Both QBE and LLVM are compiler backends using an SSA representation. This document will explain why LLVM does not make QBE a redundant project. Obviously, everything following is biased, because written by me.
QBE is a much smaller scale project with different goals than LLVM.
QBE is for amateur language designers.
It does not address all the problems faced when conceiving an industry-grade language. If you are toying with some language ideas, using LLVM will be like hauling your backpack with a truck, but using QBE will feel more like riding a bicycle.
QBE is about the first 70%, not the last 30%.
It attempts to pinpoint, in the extremely vast compilation literature, the optimizations that get you 70% of the performance in 10% of the code of full blown compilers.
For example, copy propagation on SSA form is implemented in 160 lines of code in QBE!
QBE is extremely hackable.
First, it is, and will remain, a small project (less than 8 kloc). Second, it is programmed in non-fancy C99 without any dependencies. Third, it is able to dump the IL and debug information in a uniform format after each pass.

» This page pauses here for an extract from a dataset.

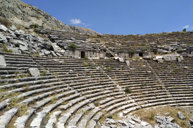 Кроме фонтанов, там красивая библиотека с мозаичным полом, театр, центральная площадь — агора, а также скальные захоронения. Место не слишком оживленное, поэтому внимательному осмотру достопримечательностей ничто не помешает.
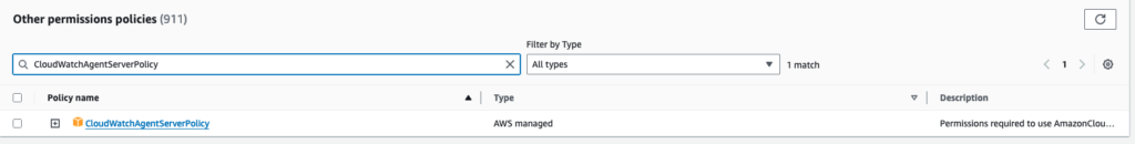 To write the metrics into the Cloudwatch we need to give the instance permissions for it, so first let’s add the cloudwatch agent policy to the role attached to the instance:

On my Core 2 Duo machine, QBE compiles in half a second (without optimizations).
LLVM is definitely more packed with features, but there are a few things provided in QBE to consider.

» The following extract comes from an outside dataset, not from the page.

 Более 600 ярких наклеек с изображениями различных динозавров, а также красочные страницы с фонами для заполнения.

LLVM does NOT provide full C compatibility for you.
In more technical terms, any language that provides good C compatibility and uses LLVM as a backend needs to reimplement large chunks of the ABI in its frontend! This well known issue in the LLVM community causes a great deal of duplication and bugs.
Implementing a complete C ABI (with struct arguments and returns) is incredibly tricky, and not really a lot of fun. QBE provides you with IL operations to call in (and be called by) C with no pain. Moreover the ABI implementation in QBE has been thoroughly tested by fuzzing and manual tests.
LLVM IL is more cluttered with memory operations.
Implementing SSA construction is hard. To save its
users from having to implement it, LLVM provides
stack slots. This means that one increment of
a variable v
will be composed of three LLVM
instructions: one load, one add, and one store.
QBE provides simple non-SSA temporaries, so
incrementing v
is simply done with one instruction
%v =w add %v, 1
.
This could seem cosmetic, but dividing the size of the IL by three makes it easier for the frontend writers to spot bugs in the generated code.
LLVM IL is more cluttered with type annotations and casts.
For the sake of advanced optimizations and correctness, LLVM has complex IL types. However, only a few types are really first class and many operations of source languages require casts to be compiled.
Because QBE makes a much lighter use of types, the IL is more readable and shorter. It can of course be argued back that the correctness of QBE is jeopardized, but remember that, in practice, the large amount of casts necessary in LLVM IL is undermining the overall effectiveness of the type system.